■ INSTRUCTIONS FOR THE TASK
Give again, word for word, the lines below that run from the line with "Visit Proof |" through the line with "使う材料を工夫しながら何種類". Drop the pictures.

■ COLLECTED DATA

────────────────────────────────────────

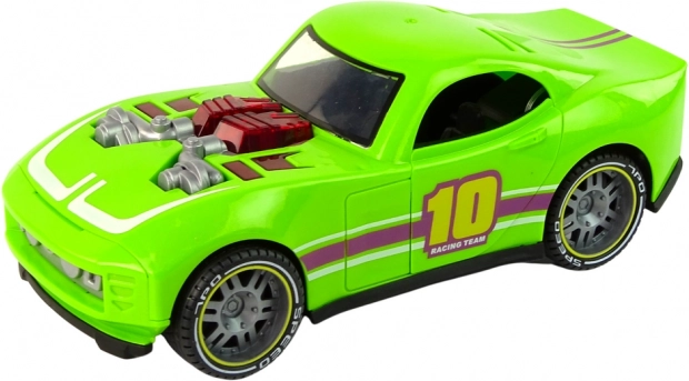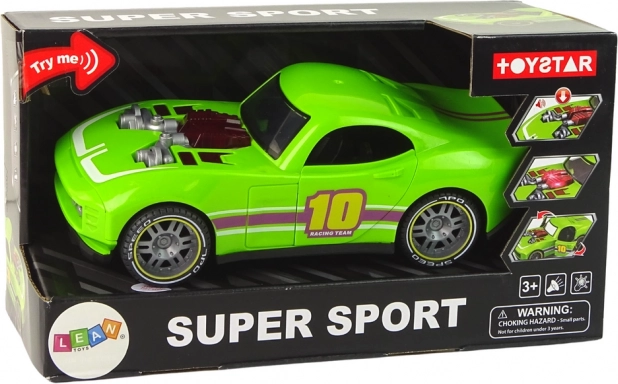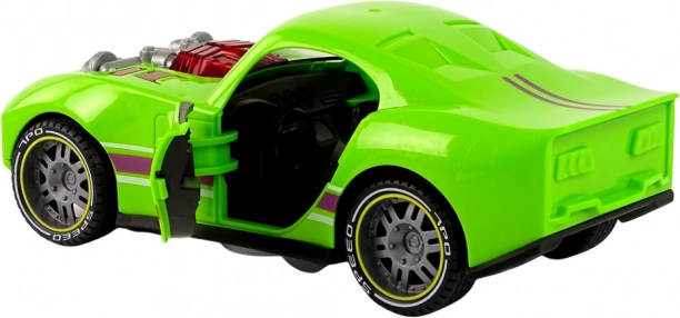 Udělejte radost malým milovníkům rychlosti tímto zeleným sportovním autem v měřítku 1:14. Realistické světelné a zvukové efekty aktivované stiskem a otevírací dveře na obou stranách přidávají hře na autentičnosti. Pohon na setrvačník (frikční) zajistí svižnou jízdu bez potřeby dálkového ovládání.
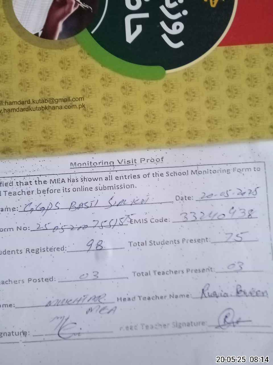 | Attendance Register | Head Teacher | MEA with School | Visit Proof |
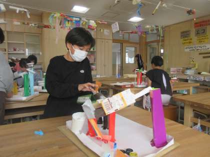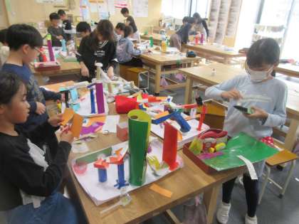使う材料を工夫しながら何種類もコースを作り、完成した作品を互いに楽しむ子どもたちの姿が見られました。
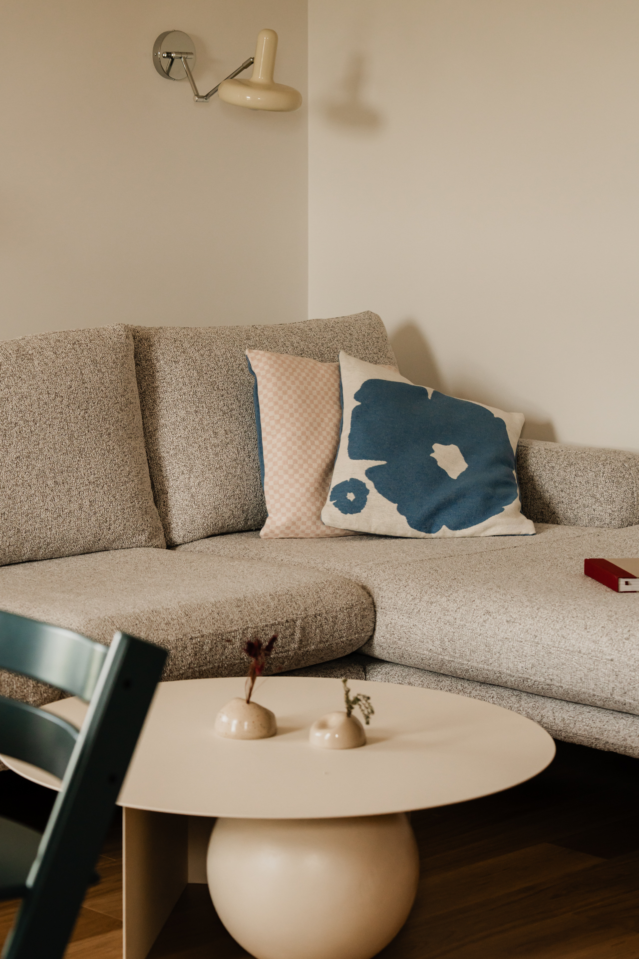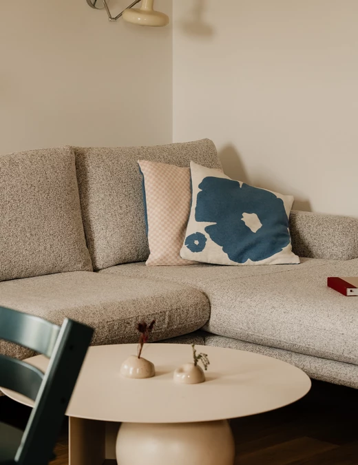 Jasne drewno, neutralne powierzchnie i miękkie przejścia między materiałami tworzą tło tego 90-metrowego mieszkania w Gdyni. Zaprojektowane zostało przez Sylwię Chojnacką i Filipa Chojnackiego z pracowni con studio dla małżeństwa z córeczką.

────────────────────────────────────────

■ EXERCISE RESPONSE
 | Attendance Register | Head Teacher | MEA with School | Visit Proof |
使う材料を工夫しながら何種類もコースを作り、完成した作品を互いに楽しむ子どもたちの姿が見られました。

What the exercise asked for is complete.